Defending force: the nationalist strategy 
The nationalist commander divided the city into two sectors along the Huangpu River.  The western half of the city and the surrounding regions including Taicang, Kunshan, Jiaxing, and Golden Mountain Jinshan, were defended by a total of 20 divisions (including all of the armored force) belonging to the 21st Army, the 51st Army, the 52nd Army, the 54th Army, the 75th Army and the 123rd Army.  The 12th Army and the 35th Army totaled five divisions and the naval and air assets were tasked to defend Pudong, with emphasis on regions included Wusong, Yuepu (月浦), Yanghang (杨行), Liuhang (刘行), Dachang (大场), Gaohang (高行), and Gaoqiao, in order to secure the escape route via sea.  The nationalist force defending the city totaled more than 210,000.  The buildings in the city were perfect defending positions which were further boosted by large amount of the concrete bunkers built.

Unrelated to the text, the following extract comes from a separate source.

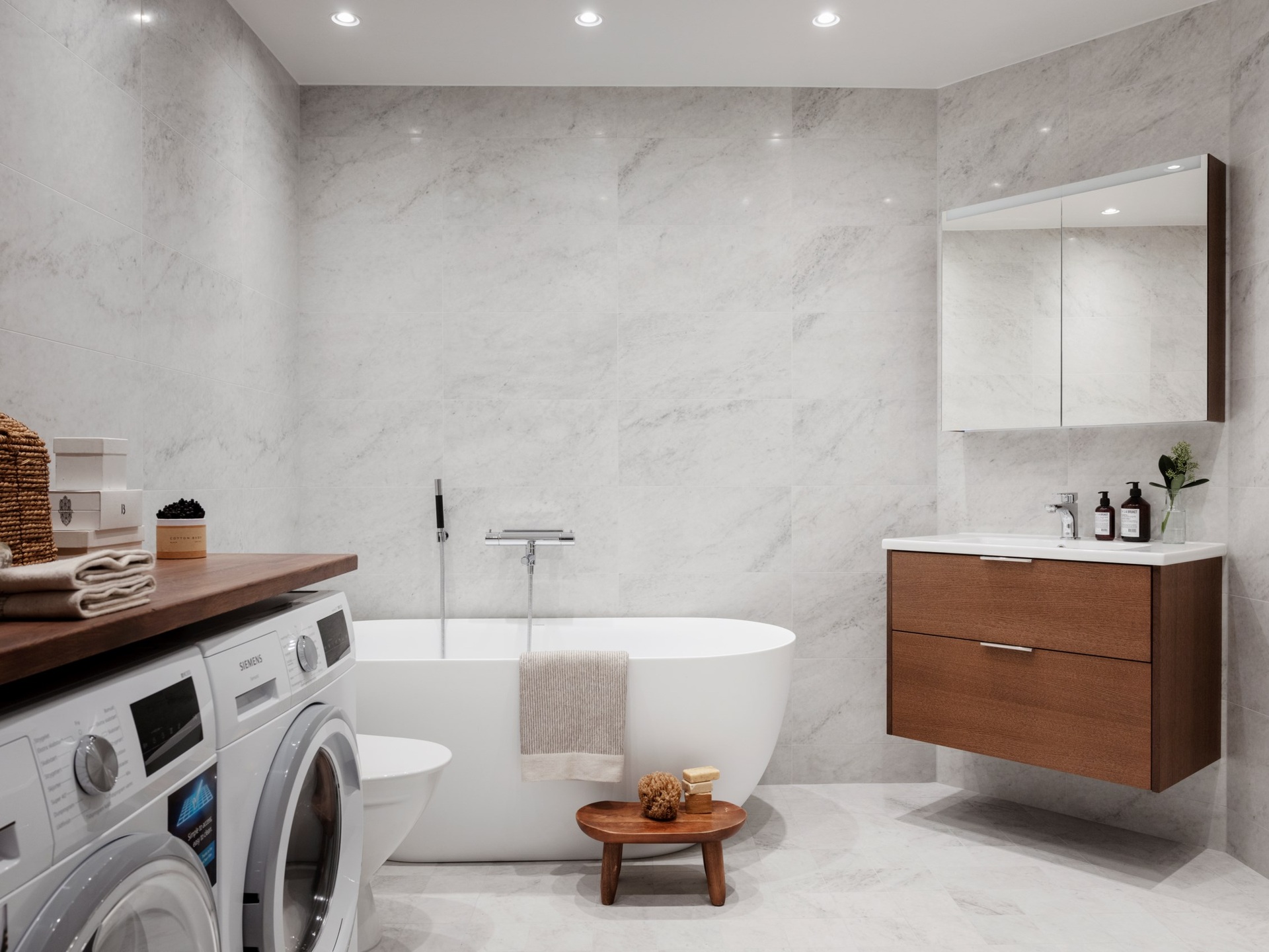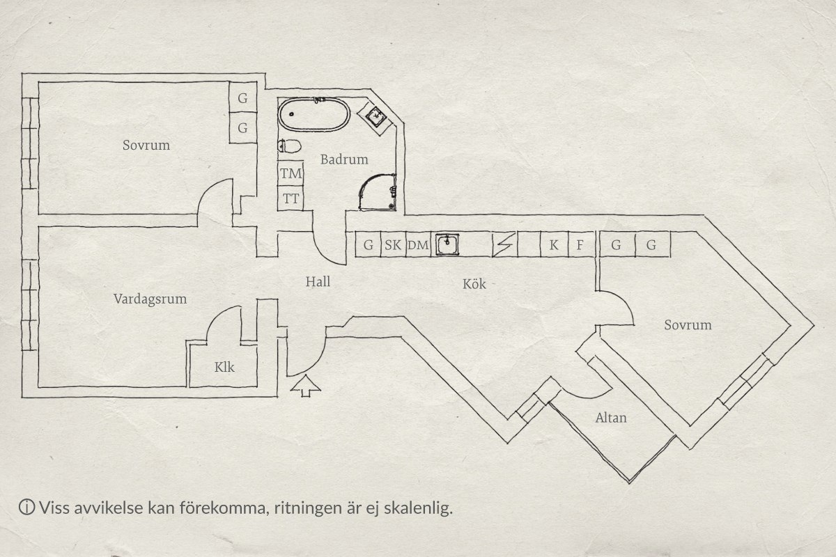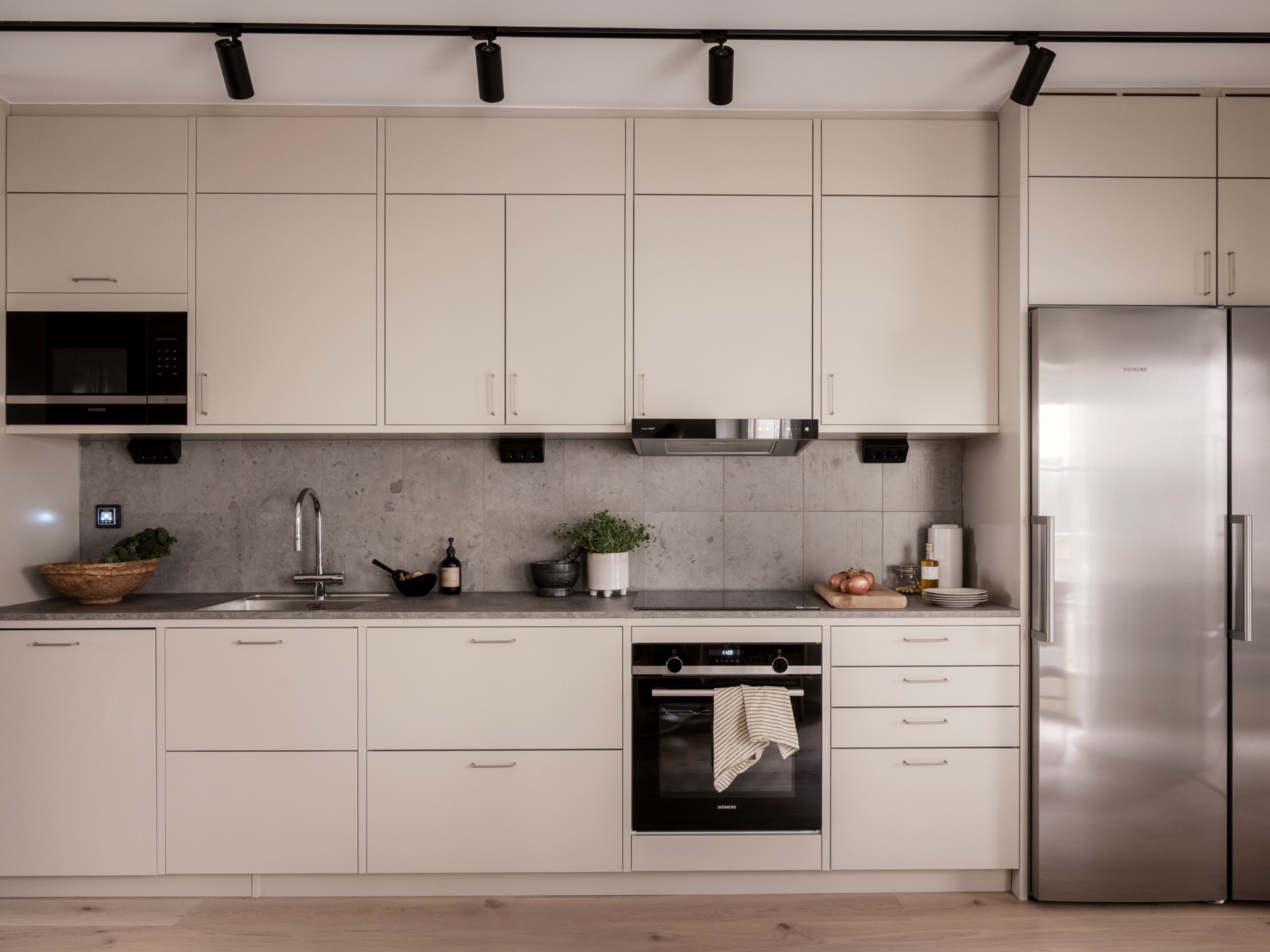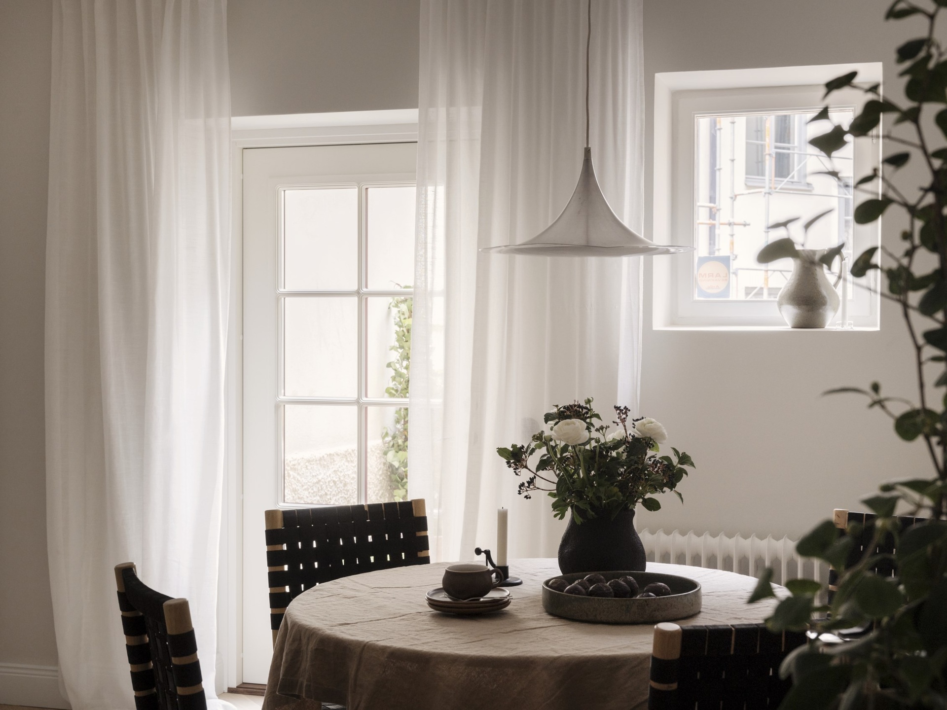 Ezt a 84 m²-es lakást egy régi irodából alakították át. Szépen ötvözi az 1912-ben épült ház régi elemeit a letisztult, északi stílussal. A skandináv dekoráció a lágy tónusok palettáját használja néha olyan luxus anyagokkal ötvözve, mint a bejárati hallban található szürke és fehér kockás márványpadló. A lakás minden helyiségét fa díszlécek és lábazatok díszítik, amelyeket gondosan megőriztek a régi épületből. Az apartman hatalmas ablakai rengeteg természetes fényt engednek be, kiemelve a magas mennyezet nyújtotta tágasságot. A két hálószobás ingatlan alaprajzán is látható, hogy nagyon sok a ferde falsík, amit figyelembe kellett venni a nyitott konyha-étkező, az egyik hálószoba és a fürdőszoba berendezésénél.

Attacking force: the communist strategy 
The PLA 3rd Field Army under the commander-in-chief Chen Yi and deputy commander-in-chief Su Yu was tasked to take the city.  The communists massed more than 290,000 troops totaled 10 armies to attack the city, while the communist 2nd Field Army under the commander-in-chief Liu Bocheng and political commissar Deng Xiaoping massed at Jinhua and Dongxiang (东乡) via Zhejiang-Jiangxi railway, in order to prevent any foreign intervention that never came.  The primary goal of the communists was to take the city with minimal damage to the city and minimal civilian casualties, so that future reconstruction would be easy by utilizing the existing infrastructure and skilled labor force.  To prevent the defenders from transferring large amount of wealth via sea, a pincer movement would be launched from both the east and west, targeting Wusong, so that the defenders' escape route via sea would be cut and the city would be attacked afterward and by isolating the defenders into separate pockets, and then the city would be taken by decimating the isolated defenders.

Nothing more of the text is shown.